Justifying bad behavior by someone else's bad behavior doesn't result in anything but the proliferation of bad behavior. I mean, it wouldn't particularly bother me if it were confined to dealings with other trolls. But we're to the point where she pre-emptively applies it to anyone that disagrees with her about much of anything, overwhelms multiple threads simultaneously, etc. It seems clear to me that SAM wants to play that game - and only that game - and between that and her energy it ends up having a fairly definitive impact here.
There was a 9/11 every few days for years, in Iraq.
In purely material terms, you mean?
This recurring materialist reduction of 9/11 is another problem with this thread (and others like it). In the first place we have SAM reducing the event to "a couple of buildings." But more generally we have the ignorance of the political and social aspect of the attacks, which were far more grievious as far as the great majority of people are concerned. And, for all that, obvious. Which makes the evasion of them look a lot like bad faith, to me.
To wit: it isn't possible to have a 9/11 every few days because that dream has already been dead for almost a decade now.

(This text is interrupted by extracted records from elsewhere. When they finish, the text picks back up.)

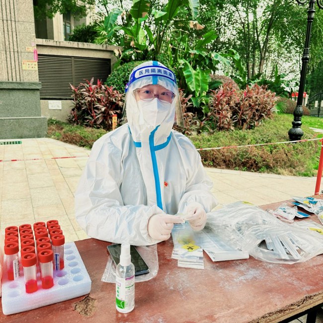 11月,重慶暴發(fā)新一輪疫情,王靜在線上居家辦公之余,還在社區(qū)擔(dān)負(fù)起志愿者核酸登記、秩序維護(hù)、抗原發(fā)放等工作。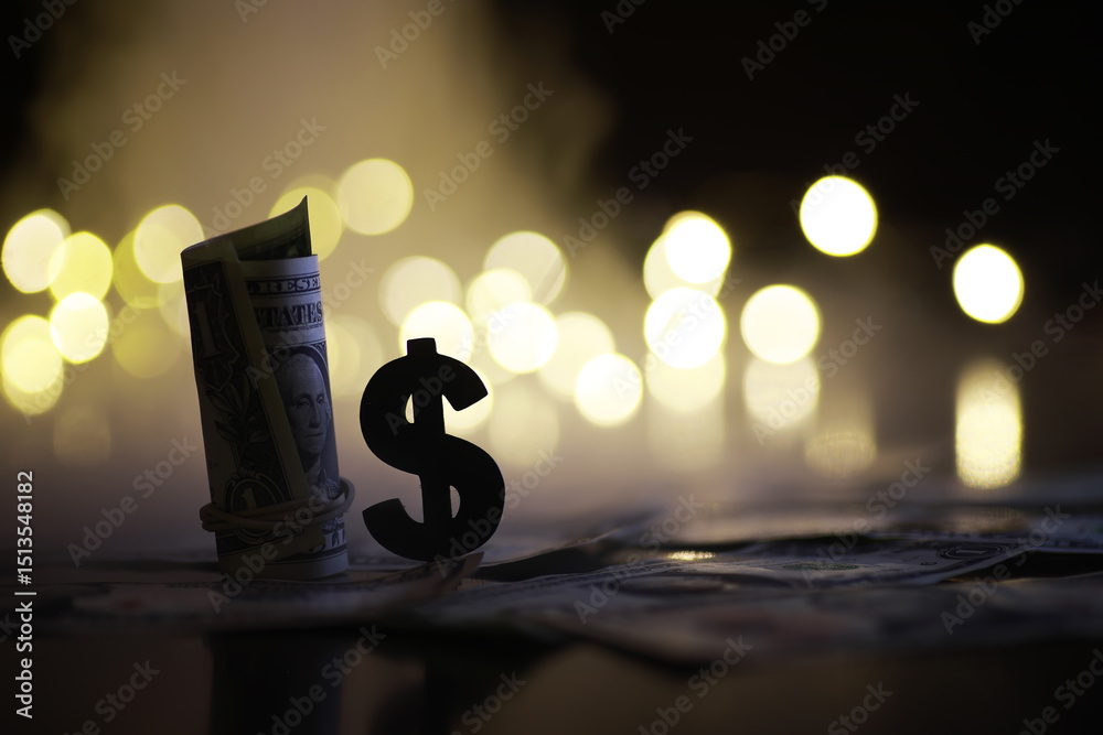 Rolled Dollar Bills and Dollar Sign Silhouette Against Blurred Bokeh Lights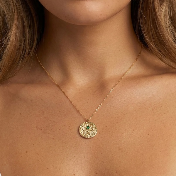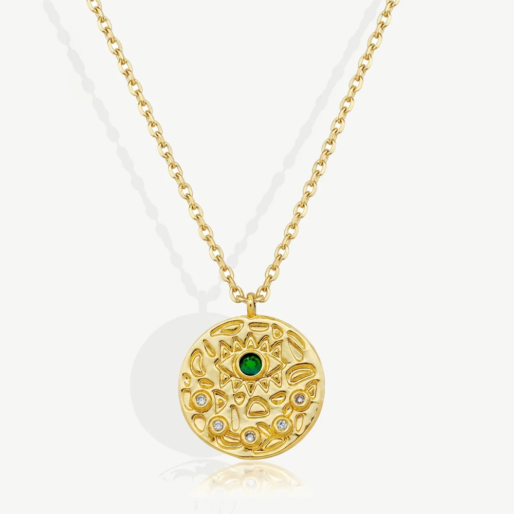 This evil eye coin necklace features a textured round pendant with a deep emerald green eye at the centre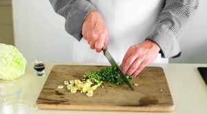 - Poivron coupé en paille très fine, concombre aussi couper en fines lanières, ajouter aux autres légumes. Vert hacher finement l’oignon et mélanger avec la salade.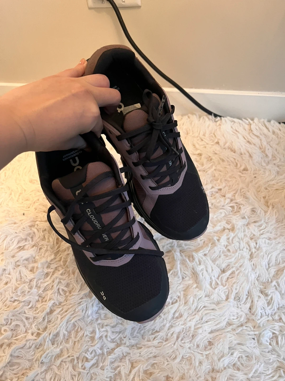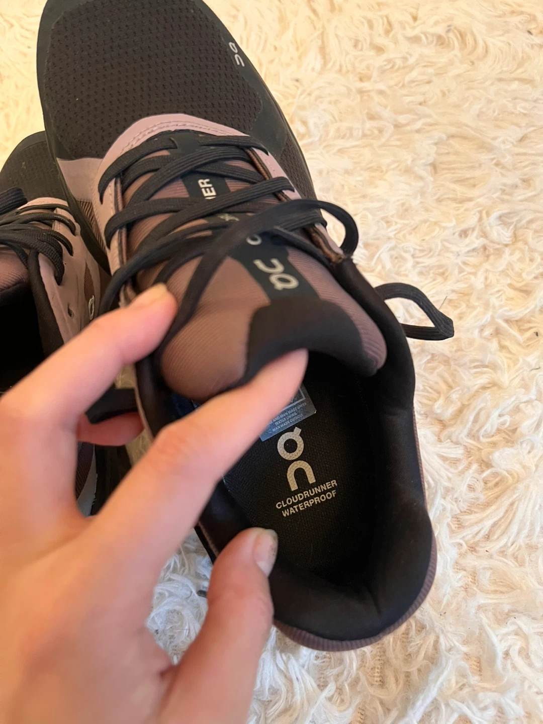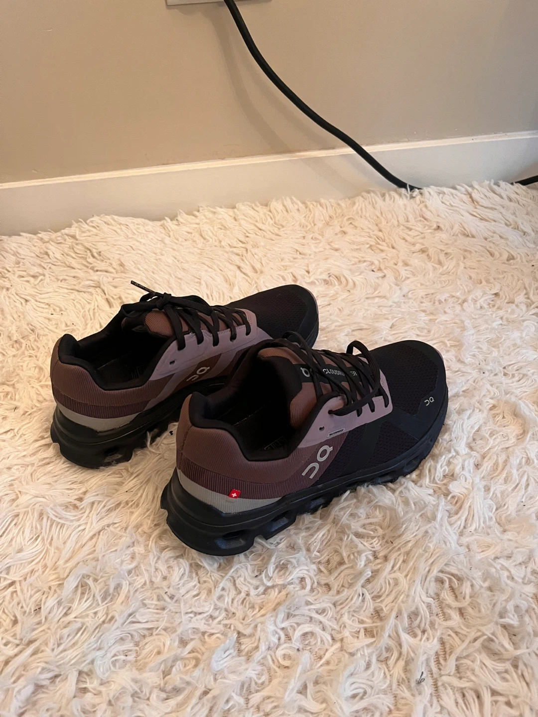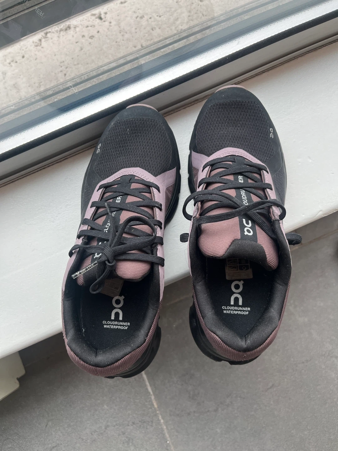 Selling a pair of female On Cloudrunner Waterproof shoes. They are in great condition and ready for your next run! The shoes are black and purple. Used less than a week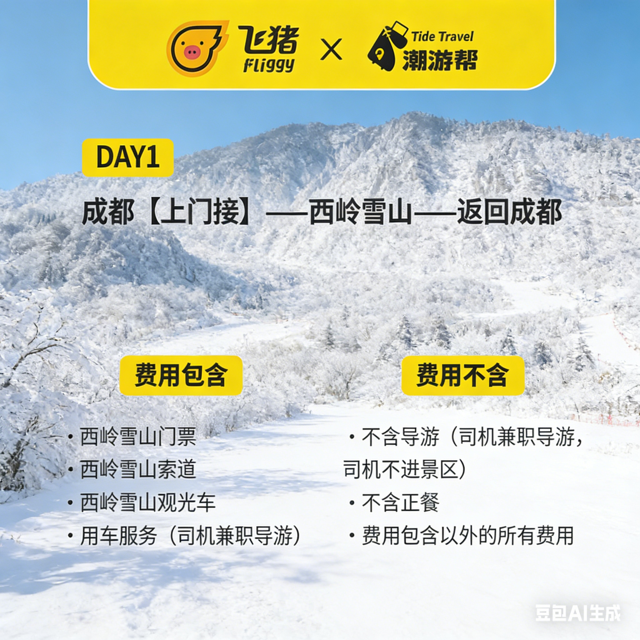 成都周边纯玩旅游西岭雪山一日游2-8人小团包含西岭雪山门票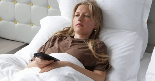 Όλοι γνωρίζουμε ότι η οθόνη παράγει μπλε φως το οποίο μπερδεύει την παραγωγή της μελατονίνης και κατά συνέπεια επηρεάζει τον ύπνο. Όσο δελεαστικό κι αν ακούγεται να μείνεις ξαπλωμένη και να κάνεις μαραθώνιο της αγαπημένης σου σειράς, προσπάθησε να αποφύγεις την τηλεόραση στο υπνοδωμάτιο και μάλιστα πριν κοιμηθείς.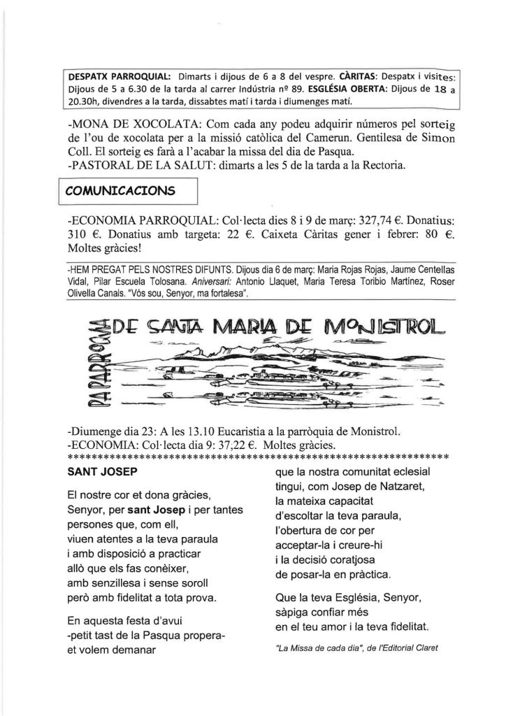 FRASE DEL DIUMENGE, PREGÀRIA I FULL DOMINICAL de Diumenge 9 de Març 2025

We'd have to revive it first, in order for someone to murder it again.
Likewise in Iraq: they'd have to regain sovereignty in order for it to get violated again.
But some have much more power, much more agency, much more control over their much larger reactions to much smaller provocations.
If you're referring to the distinction between the power elites in any given polity and the masses they rule, then you clearly have a point.
To the extent that you're comparing America with political Islam, I think the saliency of that difference is greatly exaggerated - frequently to the point of dishonesty, in the discourses in question. On the one hand, Americans never seem to end up getting what they thought they were voting for (and I'd note that SAM is a vocal advocate of various elite media conspiracy theories related to this), and on the other AQ is itself an all-volunteer army funded through donations.
At the end of the day, I'm unshaken in my conviction that SAM's rhetoric is basically craven and destructive. If you really want to sway me, refer me to a positive discursive outcome that has resulted.